Alto x Chalinochromis or Julidochromis?


----------



## TheFishGuy (Apr 21, 2005)

It's about 3 1/2 inches.... i could put my wife on getting more or better pictures if you need them. I thought that picture was pretty good.....


----------



## Darkside (Feb 6, 2008)

Fogelhund said:


> How big is it?
> 
> Alto x Chalinochromis or Julidochromis?


I think so too.


----------



## 24Tropheus (Jun 21, 2006)

Why do you guys think hybrid?
Looks very similar to this fish to me.
http://images.google.com/imgres?imgurl= ... n%26sa%3DN


----------



## Fogelhund (Dec 3, 2002)

24Tropheus said:


> Why do you guys think hybrid?
> Looks very similar to this fish to me.
> http://images.google.com/imgres?imgurl= ... n%26sa%3DN


eye colour different, has an Alto jaw and jaw colouration.... different shaped jaw, barring isn't right.


----------



## 24Tropheus (Jun 21, 2006)

Yep maybe it does not fit. There is a Tang oddity that has mouth a bit like that other than the Altos but maybe not usually the stripes I think. Neolamprologus prochilus, I guess it could not be some sort of variant of that?


----------



## TheFishGuy (Apr 21, 2005)

Well, he was a rescue so it's no big deal... Bummer he could be a hybrid though. Are you sure you don't need more pictures?


----------



## 24Tropheus (Jun 21, 2006)

More pics might help on the mouth shape. :thumb:
Though I have not seen a Alto hybrid so I would still not be able to ID one.


----------



## TheFishGuy (Apr 21, 2005)

I don't think it's a hybrid... Just a gut feeling...


----------



## Darkside (Feb 6, 2008)

Its the shape of the fins that make me think of a hybrid, also the scales appear to have a different pattern. I think that N. bifasciatus shares more traits in common with Telmatochromis rather than Altolamproogus, especially the facial features and dentition.
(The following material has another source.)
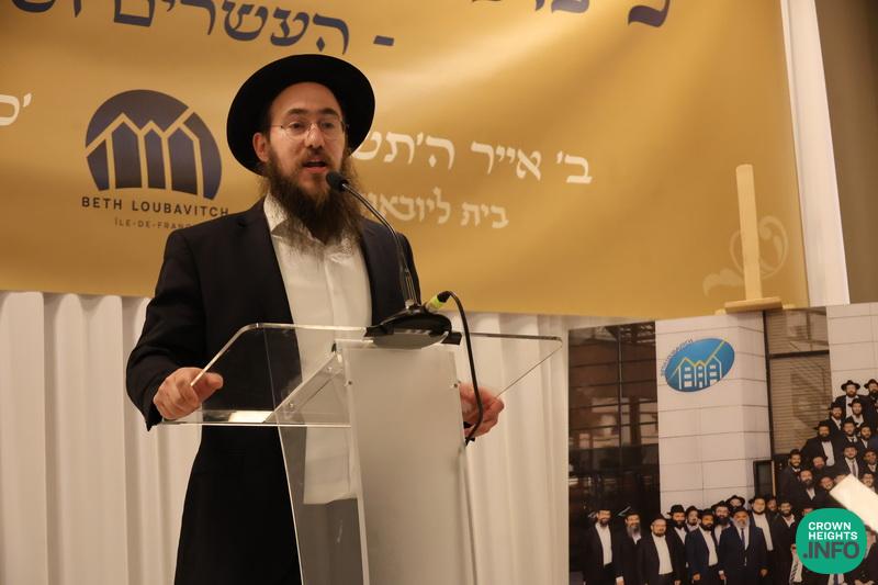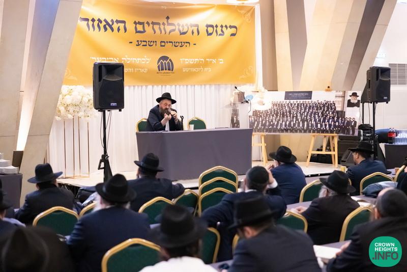 The gathering took place in the “Chaya Mushka” Hall and was led by Head Shliach to France, Rabbi Menachem Mendel Azimov. Participating in the event was Rabbi Menachem Mendel Kotlarsky of New York, Chairman of the International Kinus Hashluchim, who joined as a special guest.

This fish appears to have some of the features common among Altos.


----------



## TheFishGuy (Apr 21, 2005)

Alright, I'll put ma on getting more pictures for clarity


----------



## becadavies (Apr 2, 2007)

Lepidiolamprologus nkambae?


----------



## Darkside (Feb 6, 2008)

becadavies said:


> Lepidiolamprologus nkambae?


Certainly not.


----------



## Bootz0913 (Aug 19, 2009)

i think it has some Chalinochromis popelini in it somewhere down the line. Could be wrong though.


----------



## Electrophyste (Aug 5, 2009)

Neolamprologus longicaudatus??? mabee??


----------



## TheFishGuy (Apr 21, 2005)

Huh... I forgot about this thread :lol:


----------